On Sep 15, 2012, at 8:16 AM, Christopher Stone wrote: This script throws an error if there are items that have no quarantine bit set:
tell application "Finder" set d to target of front window as string end tell set d to POSIX path of d set cmd to "cd " & quoted form of d & ";xattr -d com.apple.quarantine *" do shell script cmd
Is there a way to stop the error from propagating from the shell to Applescript?
I thought I could just do something like: 2>/dev/null
But it doesn't stop Applescript from throwing an error.
I know of course I can just put a try-block in the script, but I'm looking for a little deeper understanding.

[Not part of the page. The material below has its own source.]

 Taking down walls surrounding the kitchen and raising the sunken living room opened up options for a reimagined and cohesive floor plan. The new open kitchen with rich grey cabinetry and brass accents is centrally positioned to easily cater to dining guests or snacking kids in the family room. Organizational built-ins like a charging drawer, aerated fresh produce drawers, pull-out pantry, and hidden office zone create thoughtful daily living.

The problem is that xattr is returning a non-zero result code, which “do shell script” turns into a thrown error.
The AppleScript way to cope is with a try/error block.

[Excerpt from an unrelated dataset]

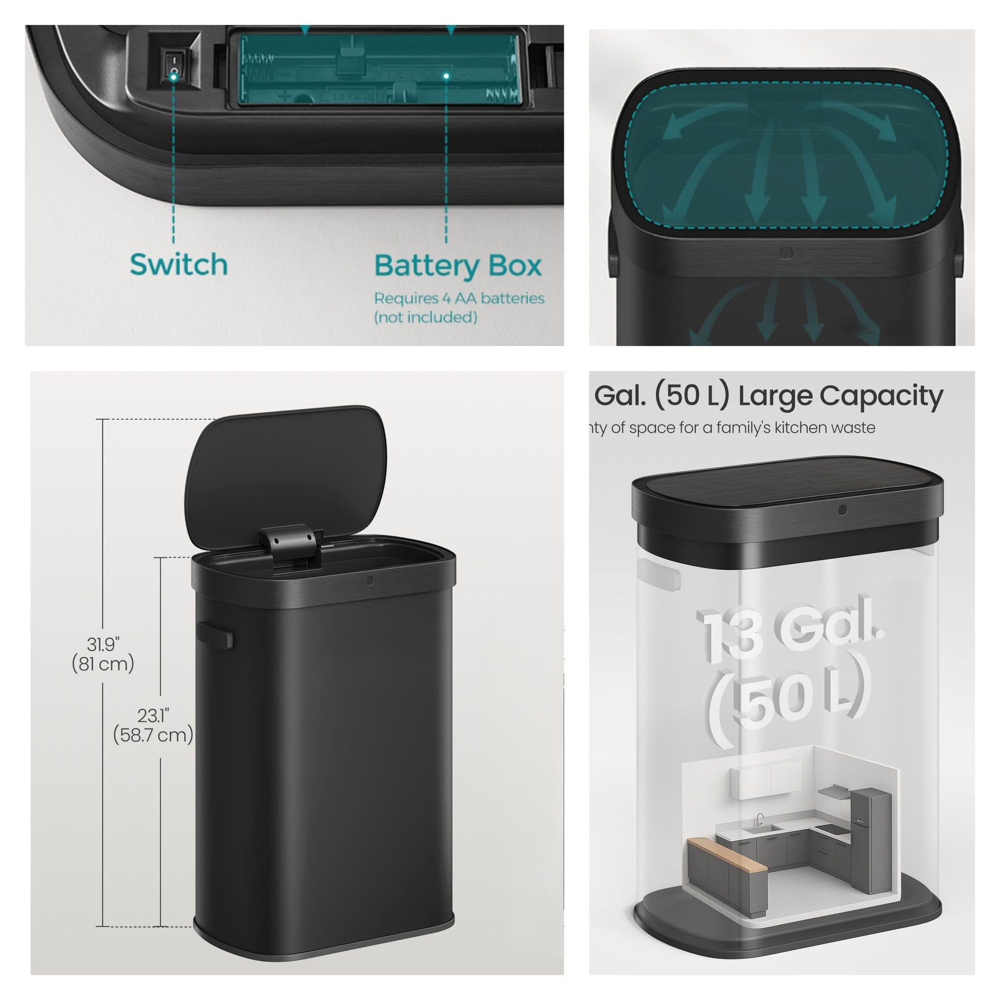 Motion Sensor Trash Can, 13 Gallon Automatic Kitchen Bin with Dual Opening & Soft Close, Includes 15 Bags – Stainless Steel,Ink Black

A Unix shell technique would be to end with a non-erroring command. Just as an example, try this:
set cmd to "cd " & quoted form of d & ";xattr -d com.apple.quarantine *;echo Result: $?"

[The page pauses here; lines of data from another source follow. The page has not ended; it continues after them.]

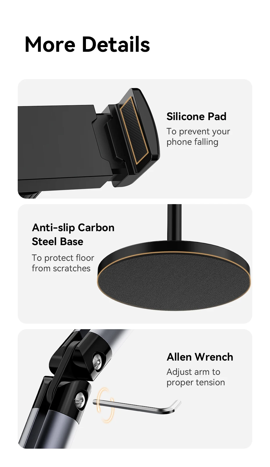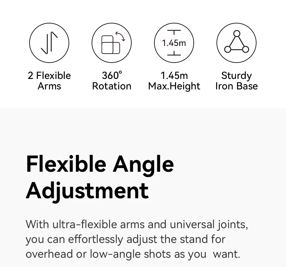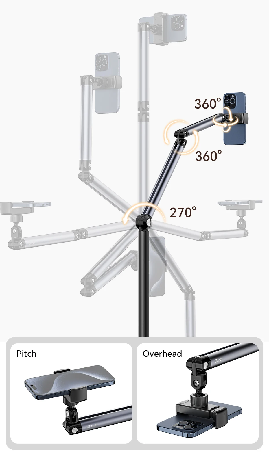 Con brazos ultraflexibles y juntas universales, puede ajustar sin esfuerzo el soporte para tomas aéreas o de ángulo bajo como desee.
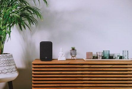 edges and refined material finishes that complement modern interiors. Available in Black Charcoal, White Pebble Grey, and White Tan, the speaker can adapt to a wide range of home styles. Optional accessories include the WM100 Wall Mount, FS230 Adjustable Stand, and interchangeable fabric grilles in tonal weaves, offering personalisation in both placement and aesthetics.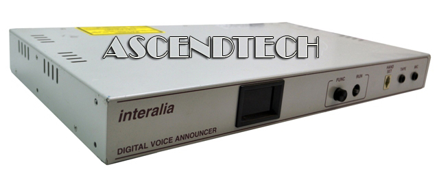 Genuine Original Interalia Digital Voice Announcer MMU2-64RAB. Interalia's Digital Voice Announcer is a microprocessor based audio recording and announcement system. A recorded message plays to a telephone line when the announcer is called. The audio recordings are stored in a solid state medium. The SMU, DMU, MMU2-4 and MMU2-6 are one, two, four and six line announcers respectively. They can be ordered with the following options: recording time from 32 seconds to 17 minutes; remote access; AC or DC power supply; battery backup; low impedance audio output. To determine the options installed in a particular unit, locate the model number code on the rear of the unit and compare it to the model number description chart in Appendix C. The amount of memory installed in an announcer determines the recording time. The total recording time is displayed on power up.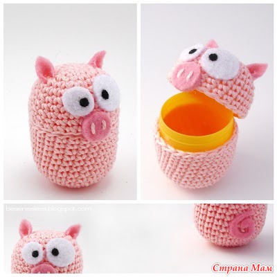 после увиденных в ВК обвязанных крючком стала собирать, праздники - конфеты, яйца и вот уже 4 штуки. можно начинать вязать) с усиками нравятся) вот только где описание найти?(

This will return a “Result: 1” instead of the text from xattr, which will break your script, but it will show the return value and prevent the “do shell script” from throwing. There are a variety of more robust unix solutions, though a non-zero return code is traditionally very ignorable in Unix.
Since you want the info from xattr, this isn’t a proper solution, but it does illustrate what you are asking about. ;)
In your case, catching the error would allow you to return a better string, like “Nothing has the quarantine bit set in this folder."